Avendo tre figlie di 12, 8 e 6 anni, diventa sempre più difficile il mio ruolo di padre-educatore, perché corro spesso il rischio di riversare su loro le mie idee, senza attentamente valutare le loro posizioni. Con il passare del tempo, mi sono accorto che Amare i figli significa amare la loro libertà.
Mi piace paragonare la crescita delle mie figlie allo sviluppo di una piantina, curata dal giardiniere. La pianta non cresce perché il giardiniere si impegna ad allungarla, ma perché assimila tutto ciò che la alimenta.
Questo presuppone inevitabilmente correre un rischio, quello causato proprio dalla libertà dei figli.
Unicamente così la loro crescita sarà propriamente loro, non un automatismo o un riflesso condizionato dalla coercizione o dalla manipolazione.
Amare la libertà dei figli è dunque cosa del tutto diversa dall’avere una spensierata indifferenza circa il modo in cui la utilizzano.
Con le mie figlie, con delicatezza e con fermezza, le invito a fare uso delle proprie capacità in modo tale da crescere come persone. Una buona occasione si presenta quando chiedono il consenso per determinati progetti; allora le rispondo che spetta a loro prendere la decisione, dopo aver ponderato tutte le circostanze.
Non è logico esigere il rispetto della libertà umana se prima non si decide di rispettarne le conseguenze, di farle proprie. Un autentico rispetto per la libertà deve incoraggiare l’impegno intellettuale e le esigenze morali, che aiutano la persona a vincersi, a lottare con efficacia.

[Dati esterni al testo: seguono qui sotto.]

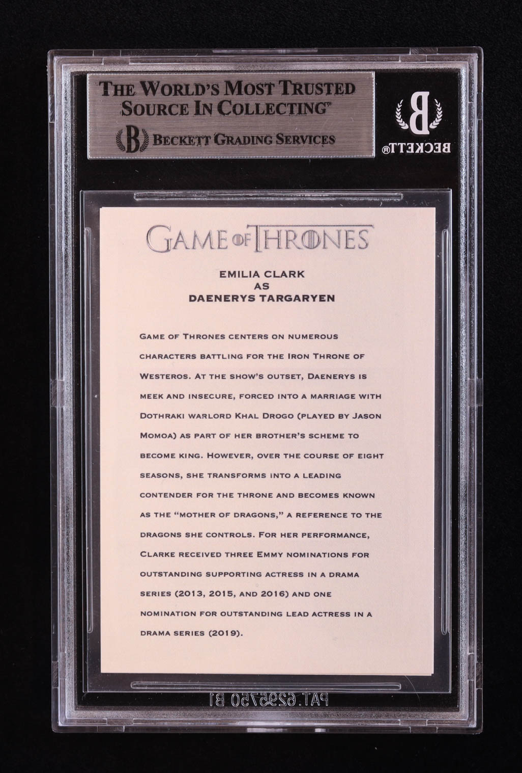 Emilia Clarke Signed "Game of Thrones" Custom Trading Card (BGS)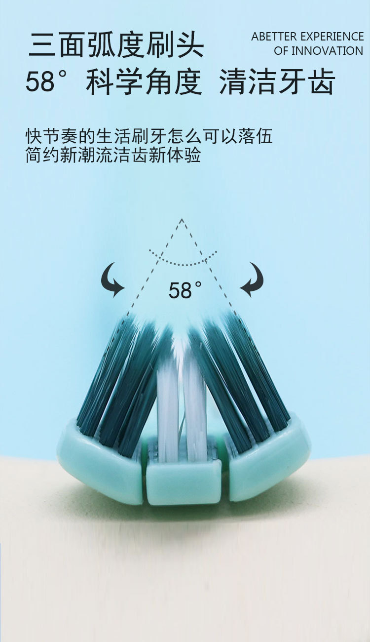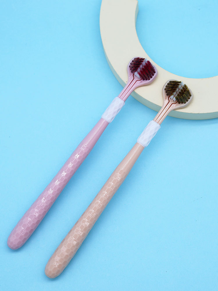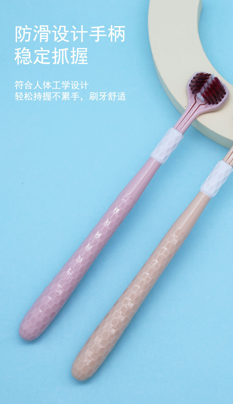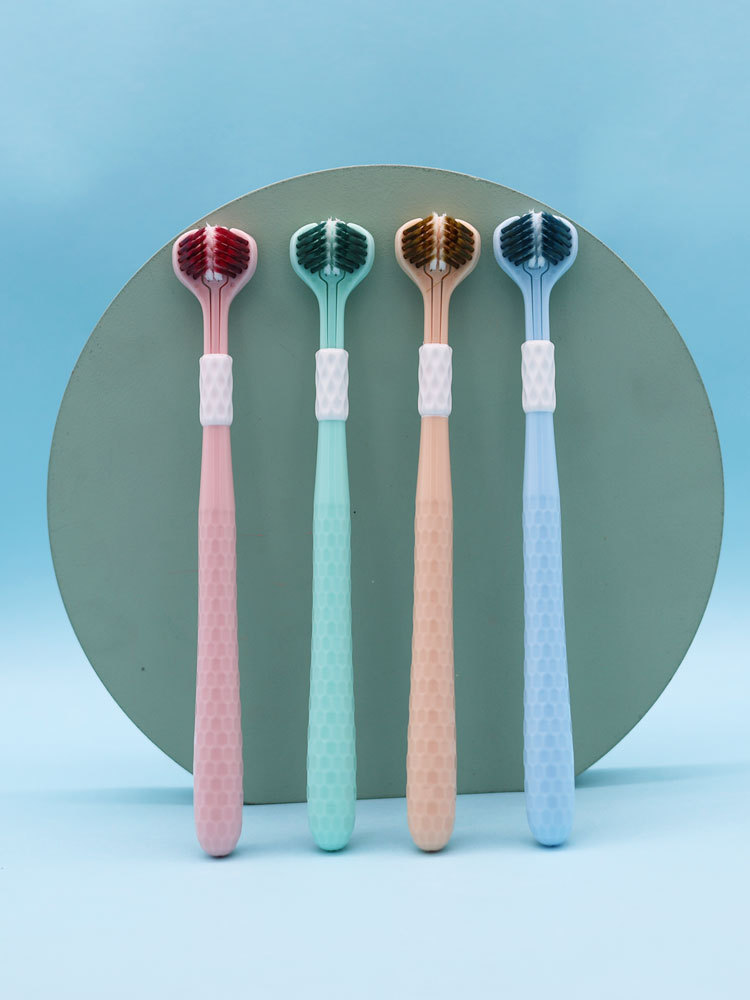 Cepillo de dientes de tres caras para adultos de pelo suave para adultos para parejas de hombres y mujeres tridimensionales sin esquina muerta tipo de envoltura de raspador de lengua de tres extremos

Dare fiducia e incoraggiare, con pazienza, dà i risultati migliori. Anche nel caso estremo in cui il figlio prenda una decisione che i genitori ritengono a ragione errata e prevedibile fonte di infelicità, nemmeno allora la soluzione sta nella violenza, ma nel comprendere e – più di una volta – nel saper rimanere al suo fianco per aiutarlo a superare le difficoltà e trarre eventualmente da quel male tutto il bene possibile.